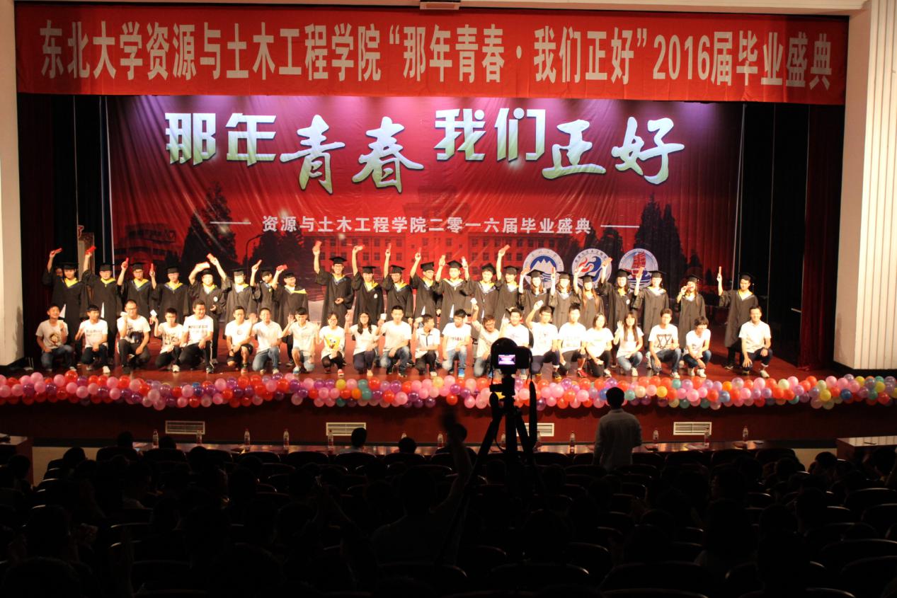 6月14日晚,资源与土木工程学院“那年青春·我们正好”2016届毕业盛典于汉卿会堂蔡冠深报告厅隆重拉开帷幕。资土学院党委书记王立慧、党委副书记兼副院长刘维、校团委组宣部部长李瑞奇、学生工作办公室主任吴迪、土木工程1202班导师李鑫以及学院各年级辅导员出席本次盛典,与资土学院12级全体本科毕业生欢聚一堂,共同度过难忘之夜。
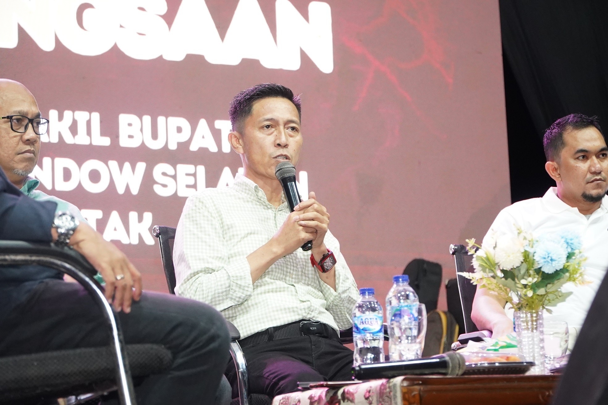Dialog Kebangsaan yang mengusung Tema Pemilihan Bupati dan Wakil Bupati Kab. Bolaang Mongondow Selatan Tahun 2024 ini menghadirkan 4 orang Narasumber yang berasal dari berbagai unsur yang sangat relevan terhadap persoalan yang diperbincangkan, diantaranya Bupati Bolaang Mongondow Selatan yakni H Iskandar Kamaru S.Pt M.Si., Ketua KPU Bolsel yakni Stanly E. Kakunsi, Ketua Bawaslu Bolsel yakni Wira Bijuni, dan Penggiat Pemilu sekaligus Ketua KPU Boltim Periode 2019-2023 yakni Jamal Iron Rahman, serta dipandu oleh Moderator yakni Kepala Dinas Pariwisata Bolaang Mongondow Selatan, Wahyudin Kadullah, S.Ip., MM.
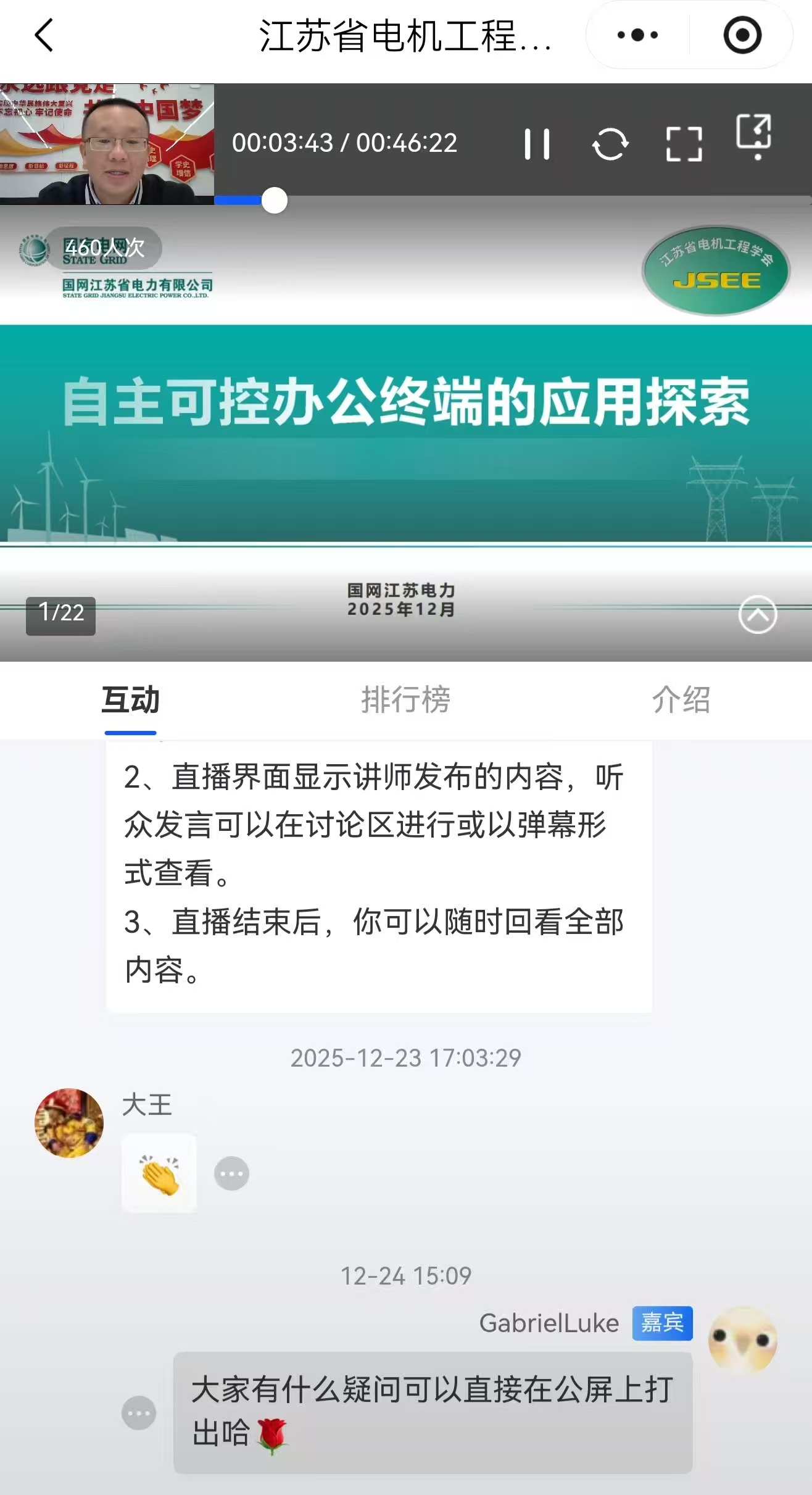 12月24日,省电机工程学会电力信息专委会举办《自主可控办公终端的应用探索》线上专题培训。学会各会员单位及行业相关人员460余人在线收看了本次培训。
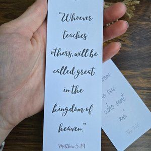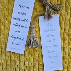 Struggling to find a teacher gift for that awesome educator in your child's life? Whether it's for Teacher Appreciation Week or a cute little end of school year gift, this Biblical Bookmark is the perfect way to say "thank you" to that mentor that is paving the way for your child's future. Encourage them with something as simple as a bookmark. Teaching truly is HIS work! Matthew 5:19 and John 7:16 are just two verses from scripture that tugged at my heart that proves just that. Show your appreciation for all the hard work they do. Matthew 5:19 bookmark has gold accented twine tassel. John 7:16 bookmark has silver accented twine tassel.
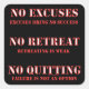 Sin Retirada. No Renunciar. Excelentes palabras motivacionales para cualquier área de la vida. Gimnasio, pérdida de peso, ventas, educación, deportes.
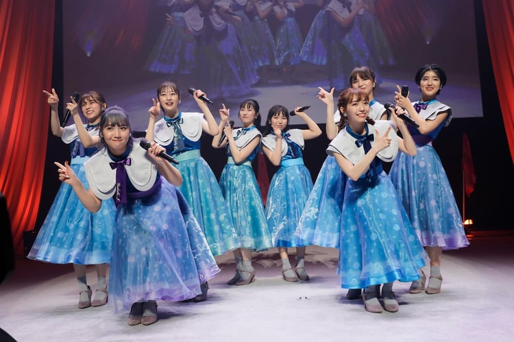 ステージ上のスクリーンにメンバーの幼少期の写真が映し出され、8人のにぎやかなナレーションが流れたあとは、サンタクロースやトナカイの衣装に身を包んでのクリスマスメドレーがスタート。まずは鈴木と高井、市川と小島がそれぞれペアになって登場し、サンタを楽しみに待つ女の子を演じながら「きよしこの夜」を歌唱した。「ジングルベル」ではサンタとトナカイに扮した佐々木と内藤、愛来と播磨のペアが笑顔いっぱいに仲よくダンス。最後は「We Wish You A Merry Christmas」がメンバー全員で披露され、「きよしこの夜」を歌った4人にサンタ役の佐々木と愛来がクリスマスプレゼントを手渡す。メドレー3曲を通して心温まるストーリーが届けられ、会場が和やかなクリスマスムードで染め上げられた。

==

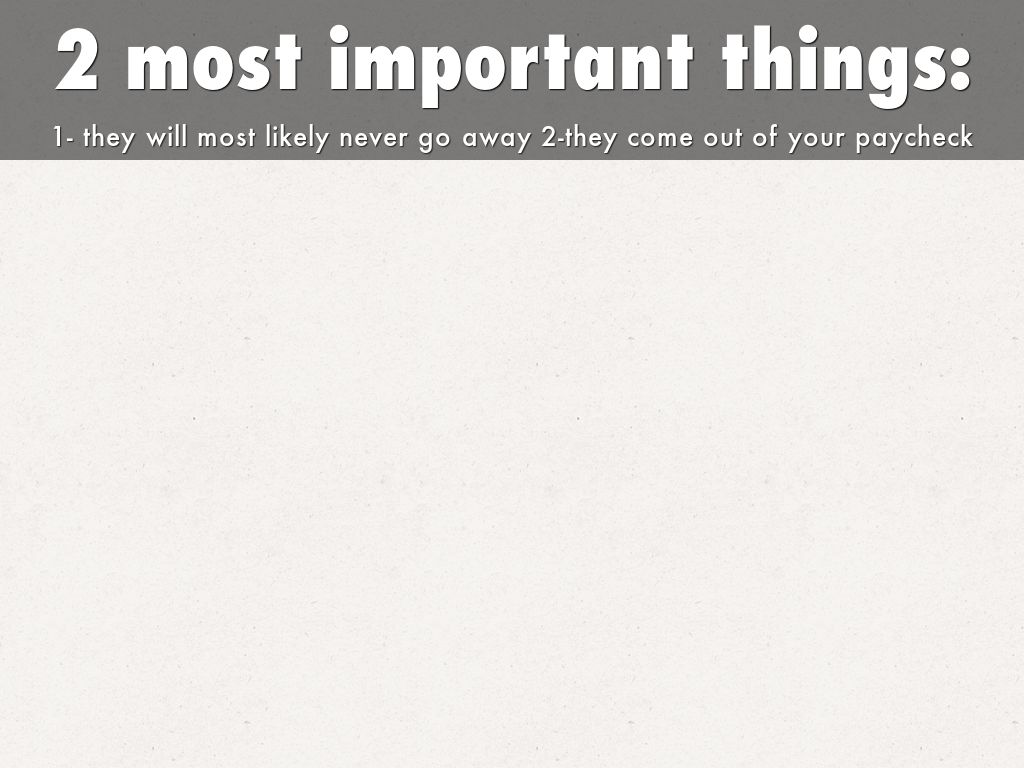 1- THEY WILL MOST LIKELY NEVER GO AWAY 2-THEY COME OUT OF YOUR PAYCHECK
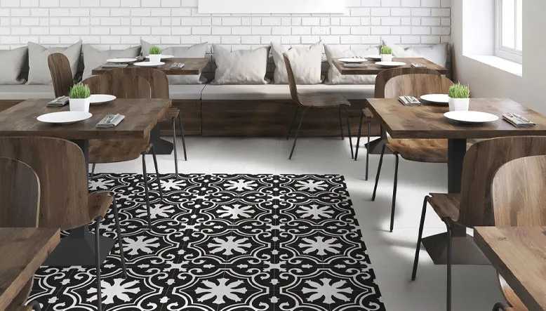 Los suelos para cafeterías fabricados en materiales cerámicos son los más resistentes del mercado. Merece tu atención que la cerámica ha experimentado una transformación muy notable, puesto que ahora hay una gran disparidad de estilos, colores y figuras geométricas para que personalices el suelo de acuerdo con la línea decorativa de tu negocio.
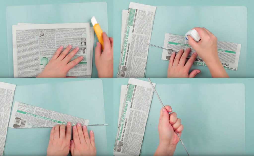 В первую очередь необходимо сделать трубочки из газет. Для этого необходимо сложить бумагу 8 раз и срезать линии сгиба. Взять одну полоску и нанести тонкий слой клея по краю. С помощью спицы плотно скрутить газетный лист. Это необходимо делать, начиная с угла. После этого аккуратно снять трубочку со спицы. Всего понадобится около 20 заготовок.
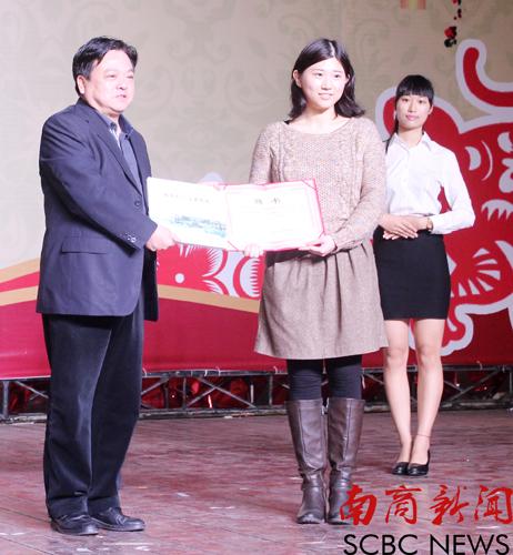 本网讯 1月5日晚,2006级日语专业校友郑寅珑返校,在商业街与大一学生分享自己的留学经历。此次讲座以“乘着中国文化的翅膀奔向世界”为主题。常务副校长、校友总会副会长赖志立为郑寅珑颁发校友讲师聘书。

==

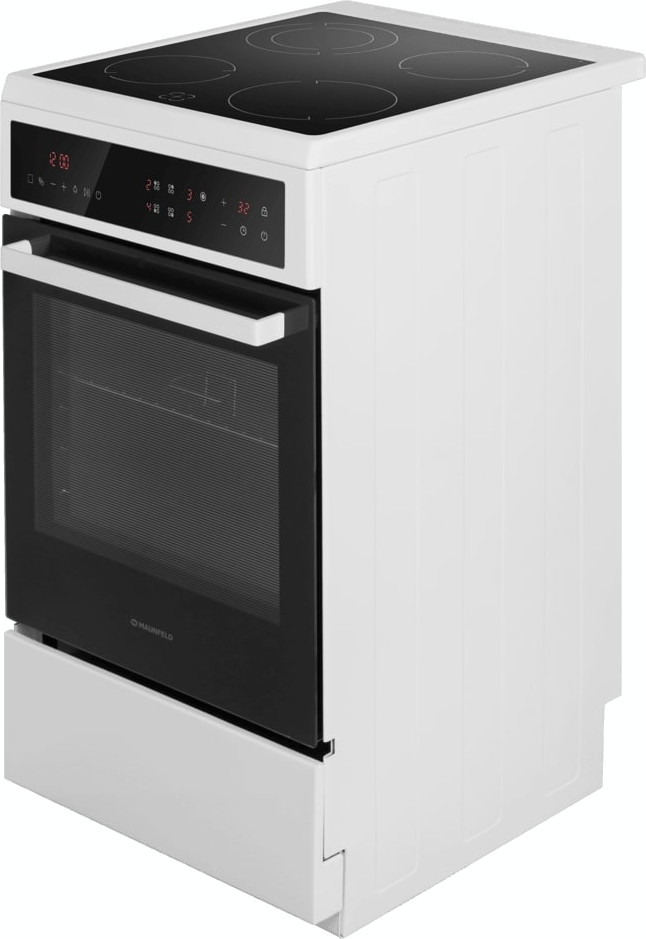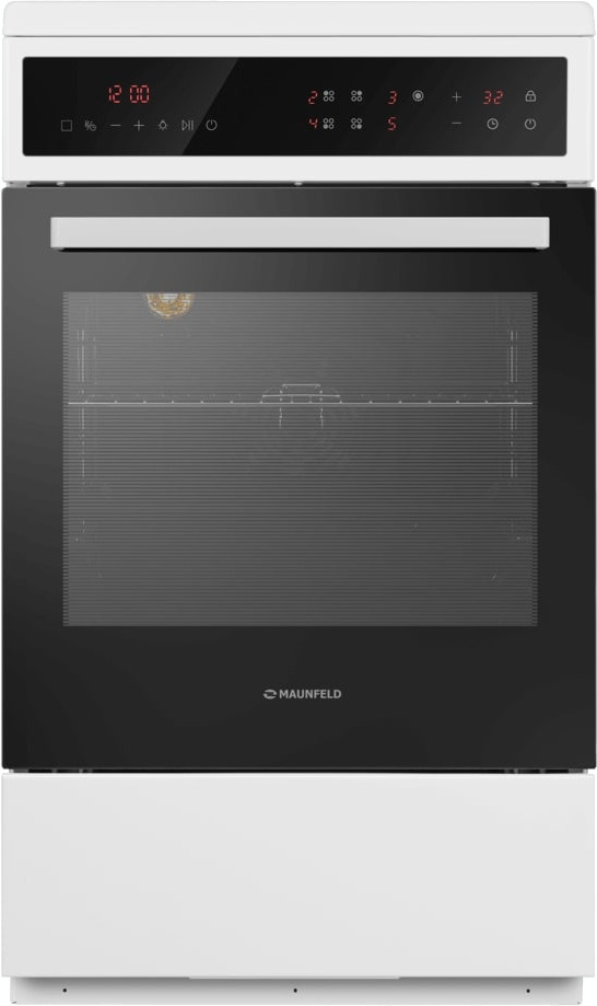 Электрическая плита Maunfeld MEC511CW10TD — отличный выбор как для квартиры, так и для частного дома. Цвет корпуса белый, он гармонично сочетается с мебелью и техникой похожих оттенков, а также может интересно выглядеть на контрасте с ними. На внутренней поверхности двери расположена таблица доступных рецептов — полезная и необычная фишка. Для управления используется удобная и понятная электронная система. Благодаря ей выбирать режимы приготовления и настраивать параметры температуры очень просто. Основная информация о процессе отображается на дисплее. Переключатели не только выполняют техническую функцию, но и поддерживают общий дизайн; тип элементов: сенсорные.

WHAT TO DO =
Could the stretch from the line with "6月14日晚,资源与土木工程" through the line with "12月24日,省电机工程学会" in the listing above be restated word for word, minus the pictures?

WRITTEN ANSWER =
 6月14日晚,资源与土木工程学院“那年青春·我们正好”2016届毕业盛典于汉卿会堂蔡冠深报告厅隆重拉开帷幕。资土学院党委书记王立慧、党委副书记兼副院长刘维、校团委组宣部部长李瑞奇、学生工作办公室主任吴迪、土木工程1202班导师李鑫以及学院各年级辅导员出席本次盛典,与资土学院12级全体本科毕业生欢聚一堂,共同度过难忘之夜。
Dialog Kebangsaan yang mengusung Tema Pemilihan Bupati dan Wakil Bupati Kab. Bolaang Mongondow Selatan Tahun 2024 ini menghadirkan 4 orang Narasumber yang berasal dari berbagai unsur yang sangat relevan terhadap persoalan yang diperbincangkan, diantaranya Bupati Bolaang Mongondow Selatan yakni H Iskandar Kamaru S.Pt M.Si., Ketua KPU Bolsel yakni Stanly E. Kakunsi, Ketua Bawaslu Bolsel yakni Wira Bijuni, dan Penggiat Pemilu sekaligus Ketua KPU Boltim Periode 2019-2023 yakni Jamal Iron Rahman, serta dipandu oleh Moderator yakni Kepala Dinas Pariwisata Bolaang Mongondow Selatan, Wahyudin Kadullah, S.Ip., MM.
 12月24日,省电机工程学会电力信息专委会举办《自主可控办公终端的应用探索》线上专题培训。学会各会员单位及行业相关人员460余人在线收看了本次培训。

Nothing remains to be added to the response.